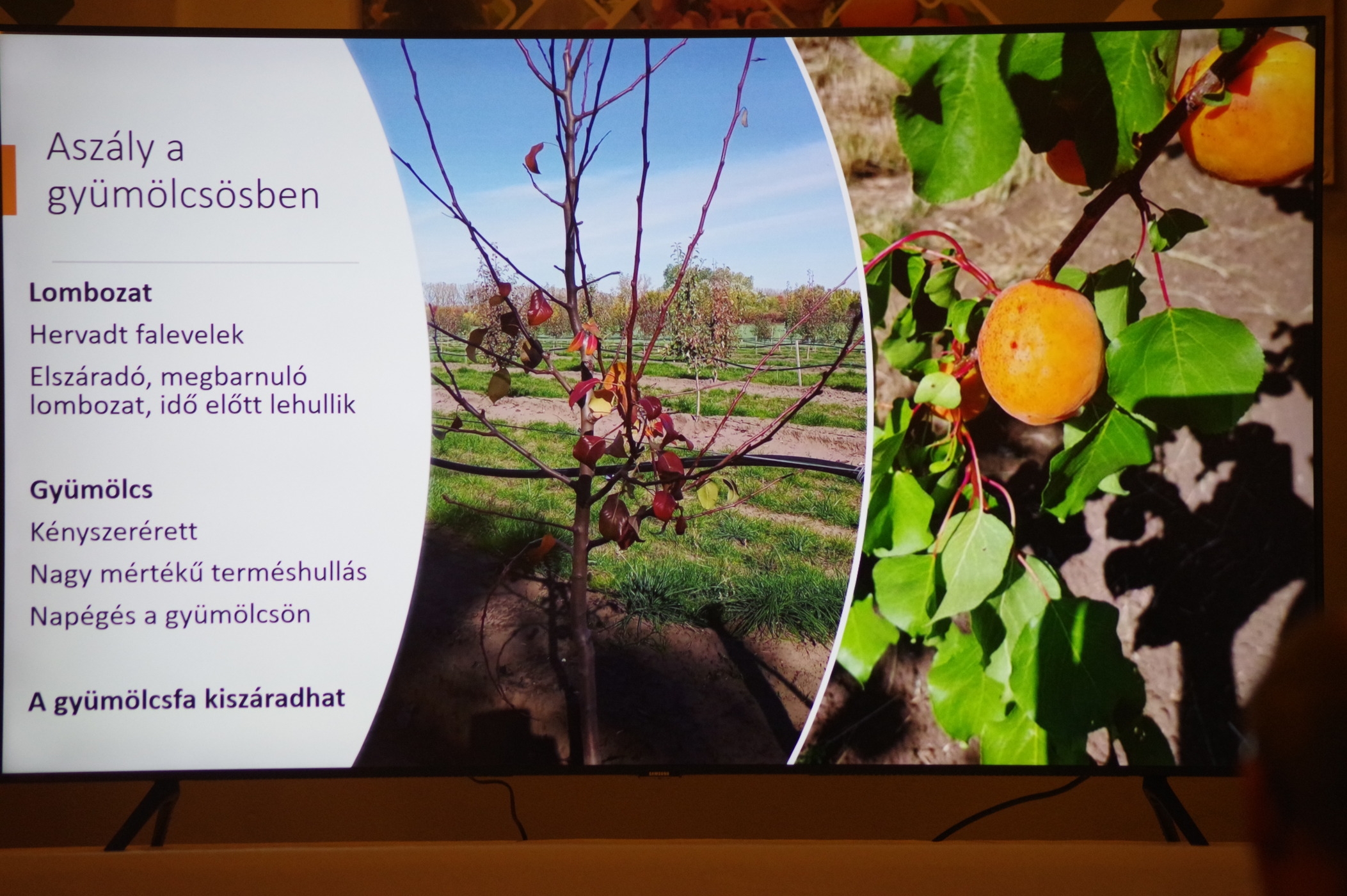 Baktai Boglárka, az intézet igazgatója köszöntőjét azzal fejezte be, hogy bemutatta azokat a munkatársakat, akik hol a háttérben, hol pedig szem előtt ténykednek. Az elvégzett munka mögött mindig van valaki, még akkor is, ha nem látható, nem találkozunk vele, nem halljuk a hangját. Pompás alkalom volt ez arra, hogy a közösség megköszönje, kifejezze háláját a csapatnak, akik a program folytonosságáért dolgoznak. Ezt követte Gyurkó Adrienn előadása az egyik legaktuálisabb kérdésről, az aszályról. Előterjesztésében nem csak az okokat és következményeket vette sorra, hanem gyakorlati útmutatást is adott, hogy talajtakarással, szerves trágyával, jól megválasztott vadalannyal, irányított gyökérlocsolással, tányérozással eredményesen védekezhetnek a kerttulajdonosok.
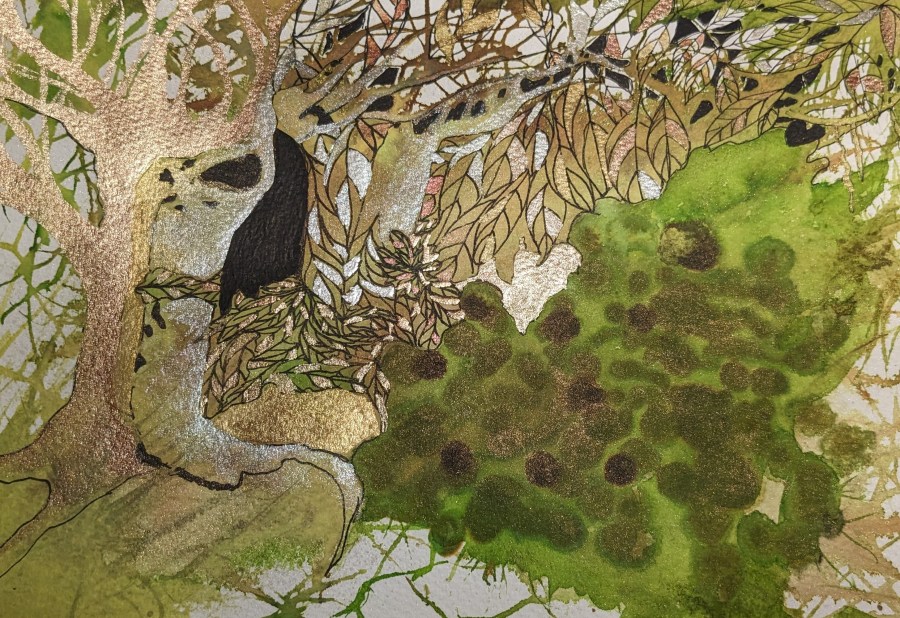It has a long way to go but I already know the painted boulder would be a comfortable place to rest and the glade is becoming more fantastical by the brushstoke.
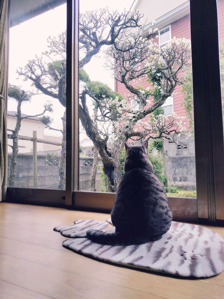 今週ようやく満開になった梅👏ネコはバードウォッチングに夢中🐤🐥
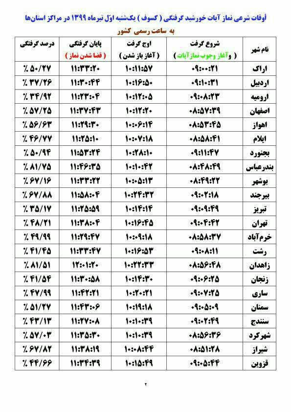 پدیده خورشید گرفتگی یکشنبه مورخ 1399/4/1 (21 ژو.ئن 2020) با زیبایی زیادی شکل گرفت که در اکثر نقاط ایران مطابق جدول زیر قابل رویت بود.
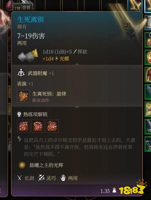 2、神级两用(可双手可单手)长剑,不仅自带表演+1的属性加强甚至还有两个强力光环效果(加精神豁免和攻击鉴定和减对面相应的属性和心灵伤害)。
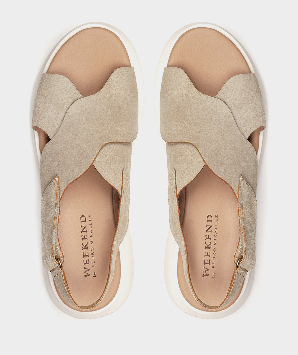 Flache Sandalen aus beigem Spaltleder. Mit wellenförmigem Crossover-Vamp und einem bequemen, modernen Plateau für ein einzigartiges, futuristisches Aussehen. Egal, ob du durch die Stadt schlenderst oder einen entspannten Tag am Strand genießt, diese Sandalen werden zu deinem Lebensstil passen.
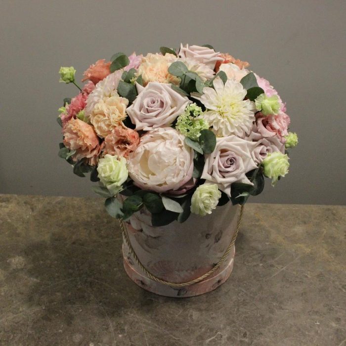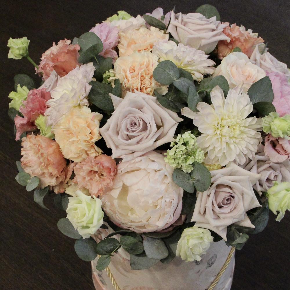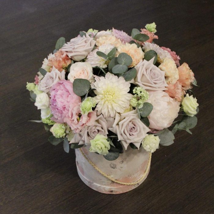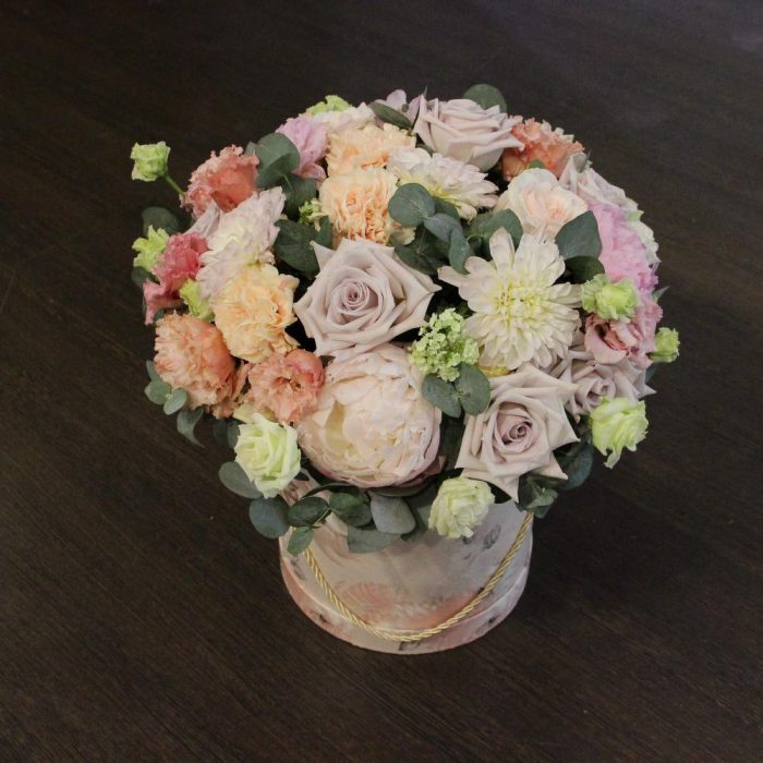 Цветы в коробке из пионовидныз роз, хризантем и Гербер

====================

## [Your objective]
Copy nothing but the lines from the top of the data down to the line containing "It has a long", and leave the pictures out.

## [Completed exercise]
 Baktai Boglárka, az intézet igazgatója köszöntőjét azzal fejezte be, hogy bemutatta azokat a munkatársakat, akik hol a háttérben, hol pedig szem előtt ténykednek. Az elvégzett munka mögött mindig van valaki, még akkor is, ha nem látható, nem találkozunk vele, nem halljuk a hangját. Pompás alkalom volt ez arra, hogy a közösség megköszönje, kifejezze háláját a csapatnak, akik a program folytonosságáért dolgoznak. Ezt követte Gyurkó Adrienn előadása az egyik legaktuálisabb kérdésről, az aszályról. Előterjesztésében nem csak az okokat és következményeket vette sorra, hanem gyakorlati útmutatást is adott, hogy talajtakarással, szerves trágyával, jól megválasztott vadalannyal, irányított gyökérlocsolással, tányérozással eredményesen védekezhetnek a kerttulajdonosok.
It has a long way to go but I already know the painted boulder would be a comfortable place to rest and the glade is becoming more fantastical by the brushstoke.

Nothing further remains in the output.